→ **INPUT MATERIAL**
BEGIN

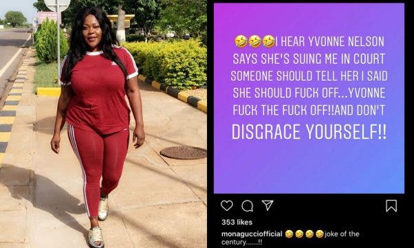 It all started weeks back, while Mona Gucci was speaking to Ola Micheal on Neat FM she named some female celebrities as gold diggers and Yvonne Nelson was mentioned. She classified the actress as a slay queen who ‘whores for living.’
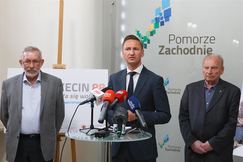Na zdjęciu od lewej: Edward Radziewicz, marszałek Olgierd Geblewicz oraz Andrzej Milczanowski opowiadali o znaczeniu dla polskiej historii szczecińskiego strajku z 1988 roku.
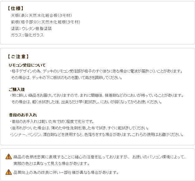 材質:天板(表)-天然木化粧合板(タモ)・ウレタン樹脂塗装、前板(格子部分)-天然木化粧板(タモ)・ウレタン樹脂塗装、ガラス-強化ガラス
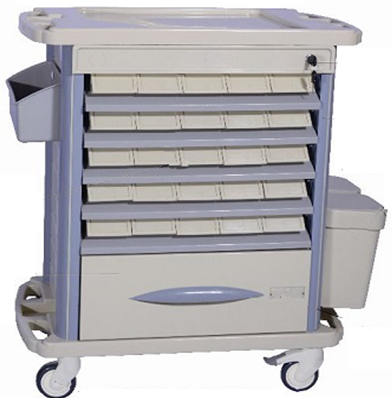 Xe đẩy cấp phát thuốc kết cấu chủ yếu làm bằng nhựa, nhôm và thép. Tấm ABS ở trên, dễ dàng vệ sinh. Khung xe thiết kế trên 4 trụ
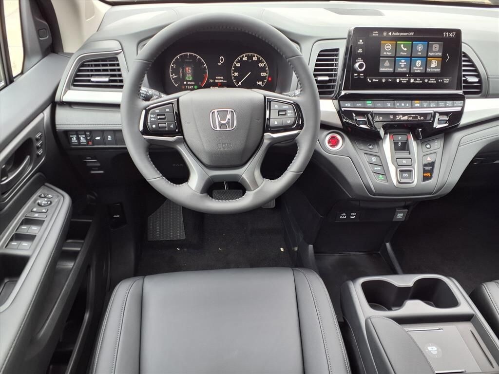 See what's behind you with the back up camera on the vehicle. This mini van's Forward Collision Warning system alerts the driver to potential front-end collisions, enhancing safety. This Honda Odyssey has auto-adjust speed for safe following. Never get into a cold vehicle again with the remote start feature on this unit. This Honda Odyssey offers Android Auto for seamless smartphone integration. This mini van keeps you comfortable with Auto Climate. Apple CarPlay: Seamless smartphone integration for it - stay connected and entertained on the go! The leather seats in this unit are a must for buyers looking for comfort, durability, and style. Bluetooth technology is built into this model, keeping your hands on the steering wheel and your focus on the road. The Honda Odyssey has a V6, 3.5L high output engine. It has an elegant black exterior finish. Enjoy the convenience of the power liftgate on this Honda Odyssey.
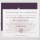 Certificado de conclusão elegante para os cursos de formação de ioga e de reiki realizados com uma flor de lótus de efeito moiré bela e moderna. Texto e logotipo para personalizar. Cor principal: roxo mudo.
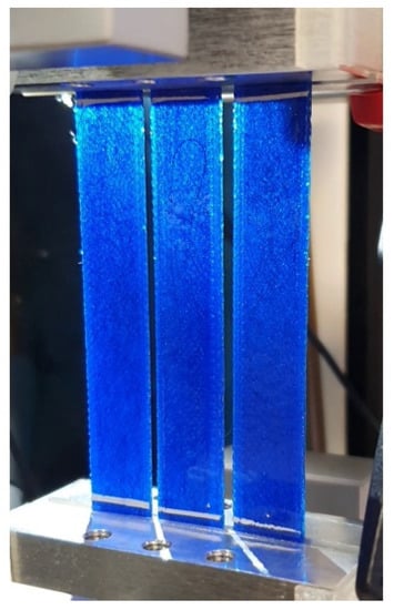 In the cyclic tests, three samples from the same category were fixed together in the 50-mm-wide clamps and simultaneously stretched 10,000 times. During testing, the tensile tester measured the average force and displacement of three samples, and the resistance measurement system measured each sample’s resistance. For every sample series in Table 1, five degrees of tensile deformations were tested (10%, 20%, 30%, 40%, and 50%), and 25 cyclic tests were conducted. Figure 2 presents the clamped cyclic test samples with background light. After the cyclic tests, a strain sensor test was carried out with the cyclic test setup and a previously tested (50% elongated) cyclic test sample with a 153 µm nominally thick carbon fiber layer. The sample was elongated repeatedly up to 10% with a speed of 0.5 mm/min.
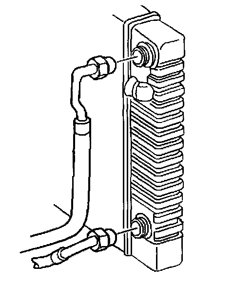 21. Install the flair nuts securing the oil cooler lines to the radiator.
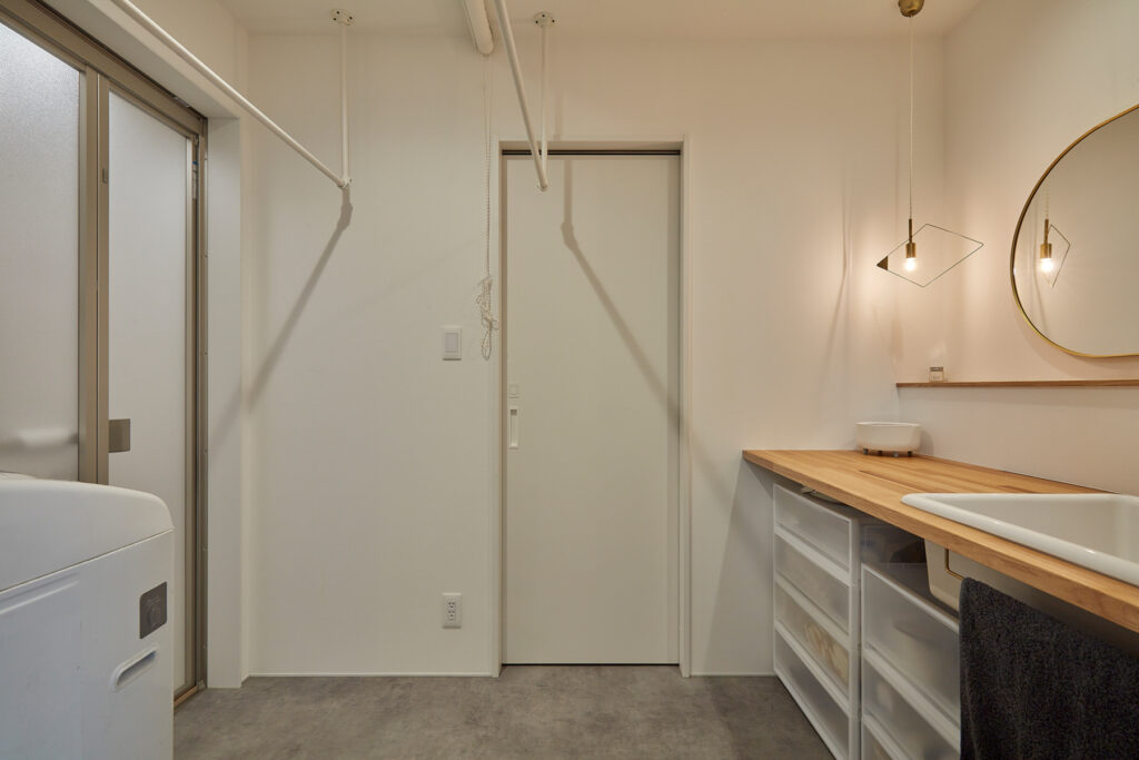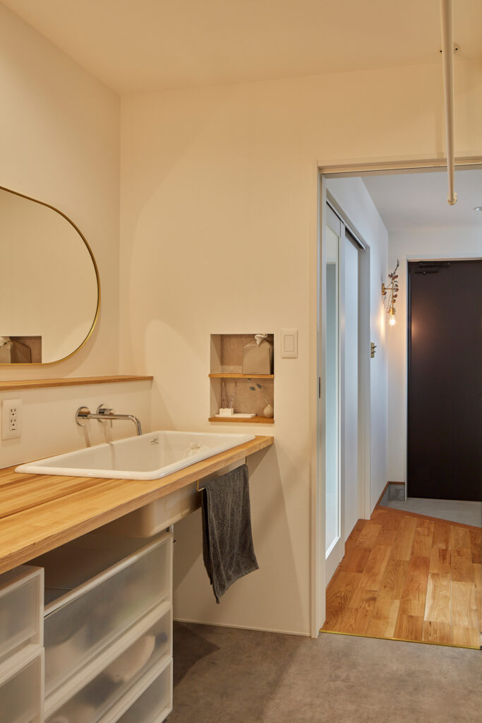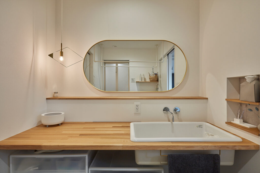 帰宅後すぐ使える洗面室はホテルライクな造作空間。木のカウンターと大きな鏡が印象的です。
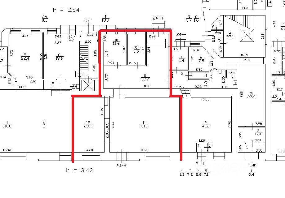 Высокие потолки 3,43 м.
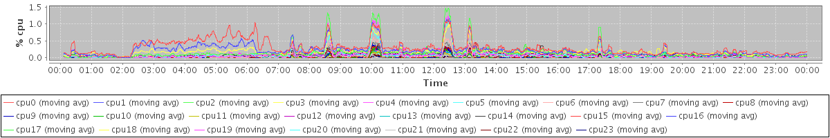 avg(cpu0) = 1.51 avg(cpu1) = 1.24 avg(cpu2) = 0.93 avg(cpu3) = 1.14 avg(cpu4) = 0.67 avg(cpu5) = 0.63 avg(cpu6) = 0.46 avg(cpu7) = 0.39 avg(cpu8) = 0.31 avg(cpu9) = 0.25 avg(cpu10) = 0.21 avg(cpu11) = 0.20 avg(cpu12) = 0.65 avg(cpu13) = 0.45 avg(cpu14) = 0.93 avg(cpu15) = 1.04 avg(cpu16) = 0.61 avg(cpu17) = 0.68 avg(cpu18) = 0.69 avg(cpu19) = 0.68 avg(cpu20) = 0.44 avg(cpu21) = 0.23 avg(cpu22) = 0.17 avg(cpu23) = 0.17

END
BEGIN

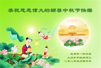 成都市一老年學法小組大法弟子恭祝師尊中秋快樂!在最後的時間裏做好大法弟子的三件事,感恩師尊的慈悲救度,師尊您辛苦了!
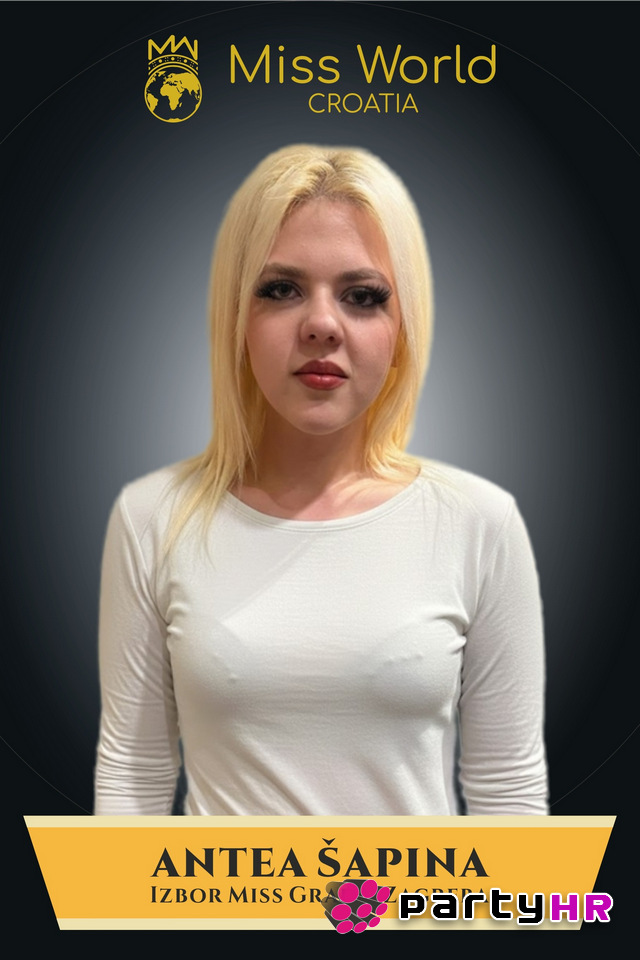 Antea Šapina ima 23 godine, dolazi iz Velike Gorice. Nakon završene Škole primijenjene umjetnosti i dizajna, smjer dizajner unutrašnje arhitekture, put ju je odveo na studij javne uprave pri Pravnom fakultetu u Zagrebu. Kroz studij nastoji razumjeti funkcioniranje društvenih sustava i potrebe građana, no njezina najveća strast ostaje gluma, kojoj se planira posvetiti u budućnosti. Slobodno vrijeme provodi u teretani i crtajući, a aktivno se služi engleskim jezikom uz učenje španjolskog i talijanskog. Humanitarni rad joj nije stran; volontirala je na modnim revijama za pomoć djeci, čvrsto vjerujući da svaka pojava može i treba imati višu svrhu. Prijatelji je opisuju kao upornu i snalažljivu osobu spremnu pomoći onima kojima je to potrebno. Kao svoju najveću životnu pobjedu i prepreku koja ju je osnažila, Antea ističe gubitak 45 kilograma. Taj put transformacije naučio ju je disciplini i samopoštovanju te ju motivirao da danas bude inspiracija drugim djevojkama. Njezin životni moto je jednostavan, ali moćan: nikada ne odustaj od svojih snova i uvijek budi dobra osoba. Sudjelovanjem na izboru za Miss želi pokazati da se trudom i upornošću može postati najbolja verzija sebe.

END

→ **WHAT NEEDS TO BE DONE**
Reproduce exactly the lines above starting at the line containing "Высокие потолки 3,43 м." and ending at the line containing "avg(cpu0) = 1.51", including both, but not the pictures.

→ **RESULT**
 Высокие потолки 3,43 м.
 avg(cpu0) = 1.51 avg(cpu1) = 1.24 avg(cpu2) = 0.93 avg(cpu3) = 1.14 avg(cpu4) = 0.67 avg(cpu5) = 0.63 avg(cpu6) = 0.46 avg(cpu7) = 0.39 avg(cpu8) = 0.31 avg(cpu9) = 0.25 avg(cpu10) = 0.21 avg(cpu11) = 0.20 avg(cpu12) = 0.65 avg(cpu13) = 0.45 avg(cpu14) = 0.93 avg(cpu15) = 1.04 avg(cpu16) = 0.61 avg(cpu17) = 0.68 avg(cpu18) = 0.69 avg(cpu19) = 0.68 avg(cpu20) = 0.44 avg(cpu21) = 0.23 avg(cpu22) = 0.17 avg(cpu23) = 0.17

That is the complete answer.